## Task item
Your answer must be an exact repeat of the lines from the one containing "IEEE45 USCG Marine Duty" through the last line of the records, both included, with no pictures.

↓↓↓

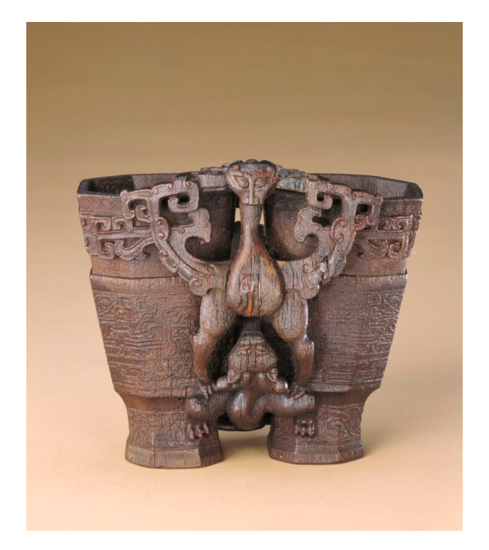
Figure 6. Depicts a rhinoceros horn carving of a combined cup with the motif of an eagle and a bear. It measures 13.2 cm in height, with a diameter ranging from 15 to 6.7 cm at the mouth and a foot diameter ranging from 10.4 to 3.4 cm. The cup is designed in a double-linked style, with an octagonal shape, slanted straight walls, and a high foot. Photo source: the official website of the Palace Museum<sup>16</sup>.

tent is flexible, depending on the weather. "Xinlang Shejian" refers to the groom shooting arrows towards the gate of the sedan chair after the bride arrives at the groom's house. The bride can only descend from the sedan chair after three arrows have been shot. This custom also originates from Manchu traditions. "Huimen Huijiu" signifies the bride's return to her family's home after the wedding. "Huimen" refers to the three days after the wedding, while "Huijiu" refers to the nine days after the return.
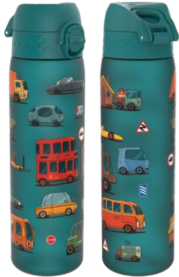
I8RF500PAAUTO RECYCLON - 500ML AUTOMOBILE
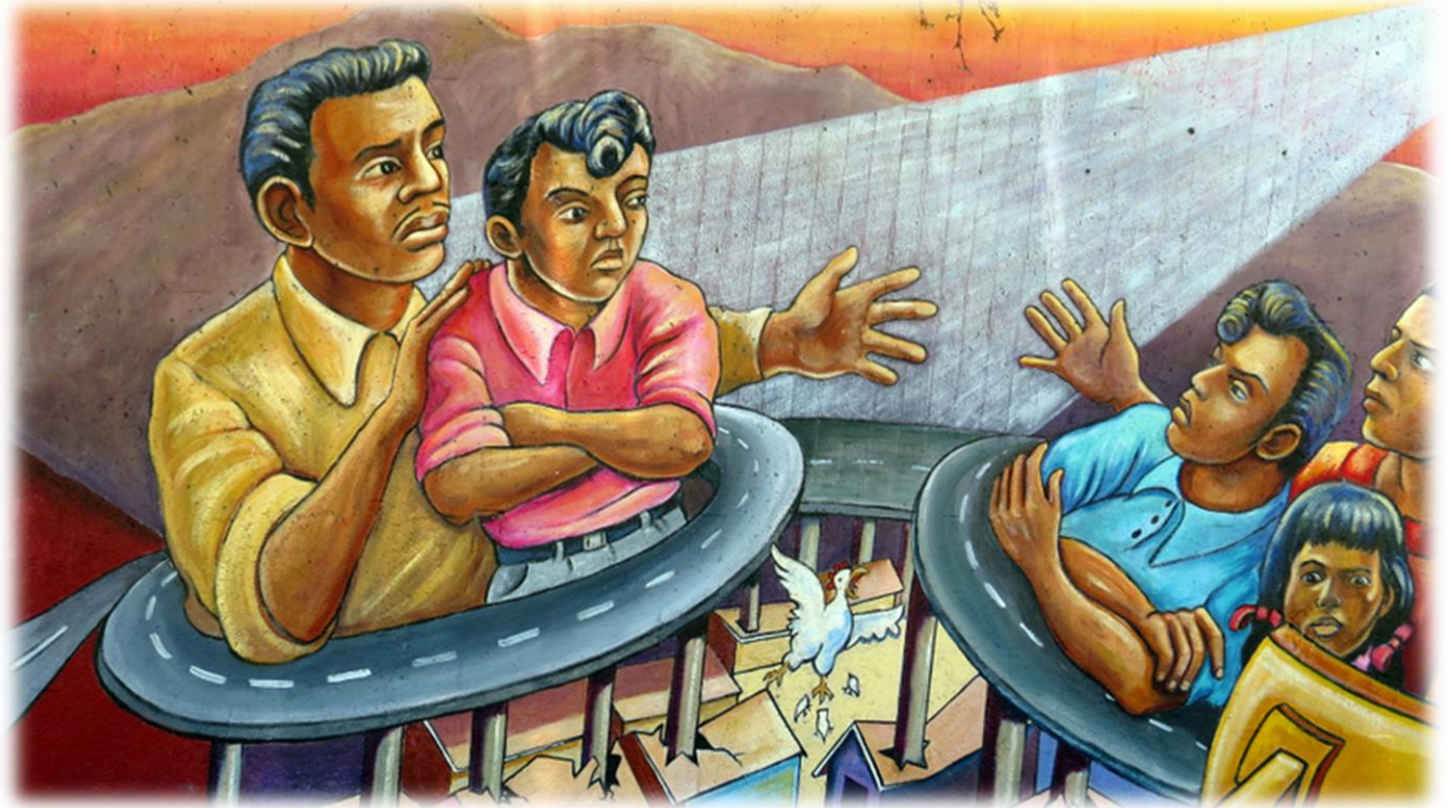
History of Los Angeles Mural, detail of one section, Los Angeles, CA
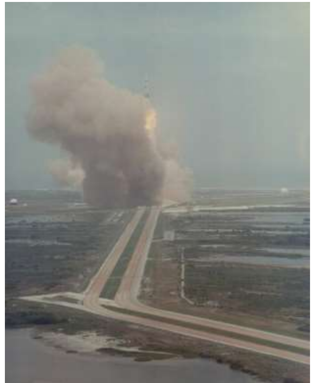
It was a long way out to the launch pad.
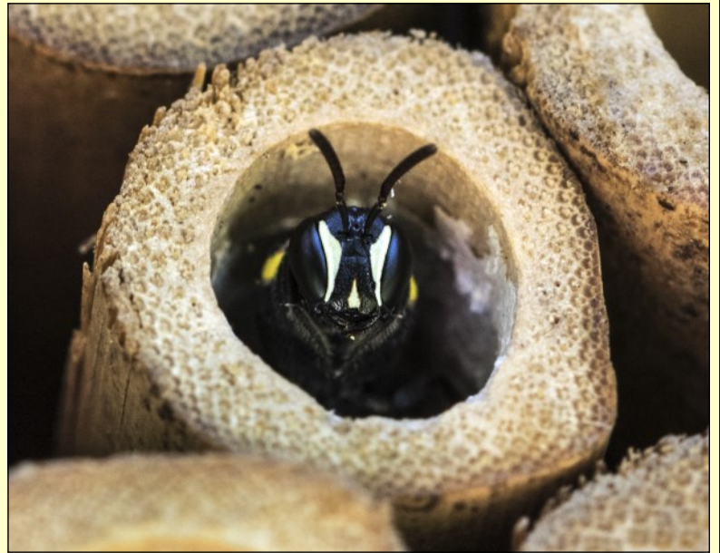
Masked bee, female Hylaeus nubilosus
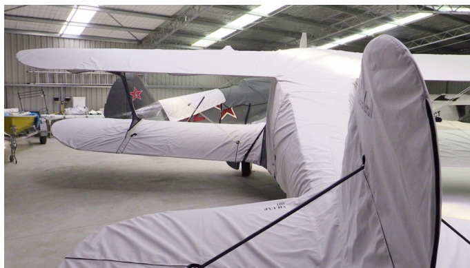
Beech Staggerwing Complete Cover Set
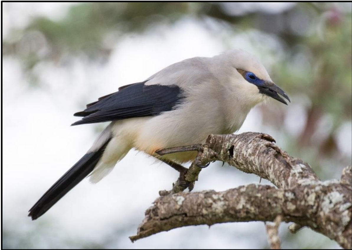
Stresemann's Bush Crow
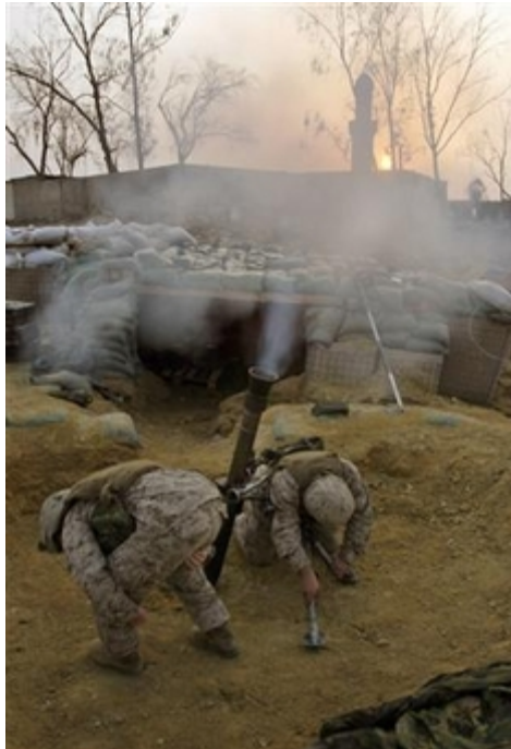
U.S. Marines from the 22nd Marine Expeditionary Unit fire 81mm mortars near the western Iraqi town of Hit, February 7, 2006.
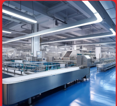
Hygienic Processing Facility
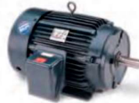
IEEE45 USCG Marine Duty
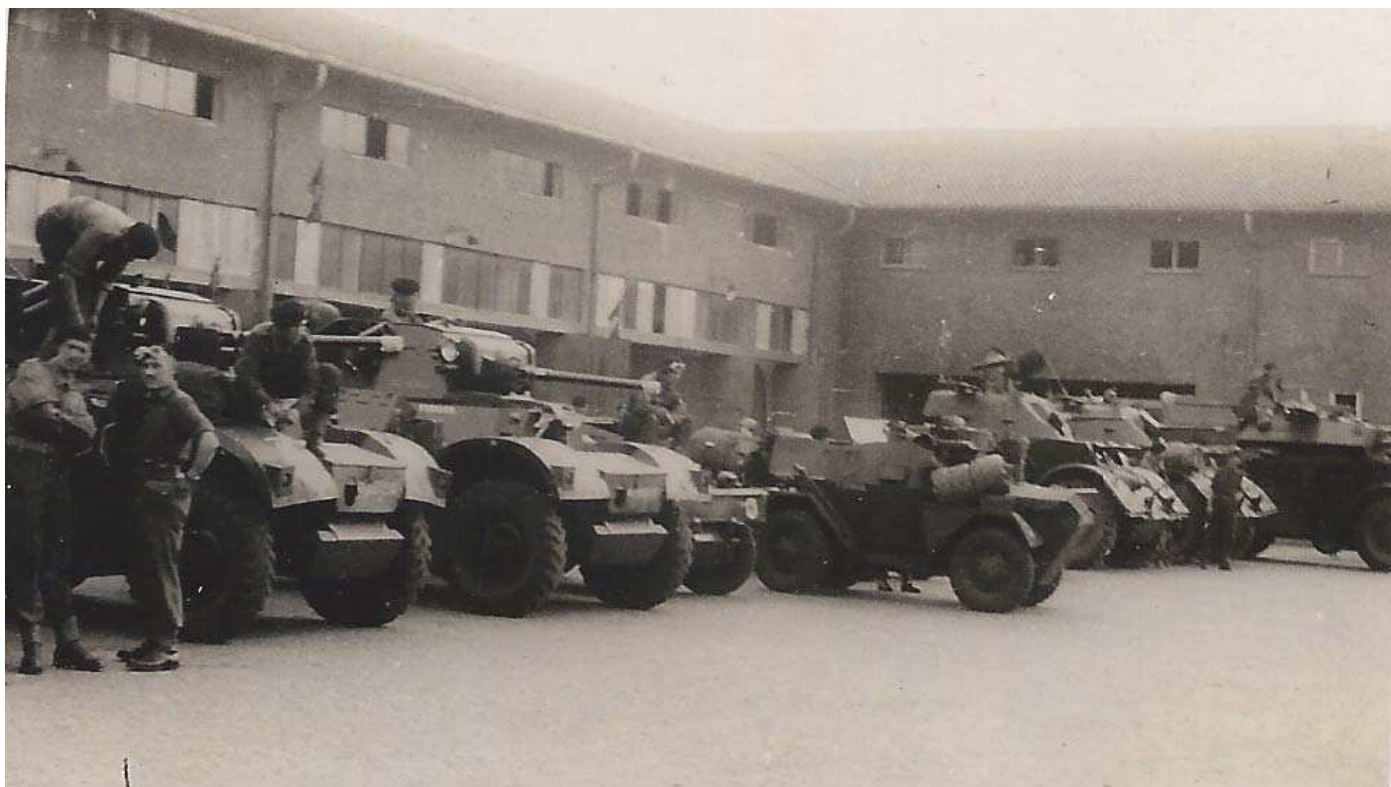
Description: Car Park Berlin. Date: Circa 1945-1946

↑↑↑

## Answer to the exercise
IEEE45 USCG Marine Duty
Description: Car Park Berlin. Date: Circa 1945-1946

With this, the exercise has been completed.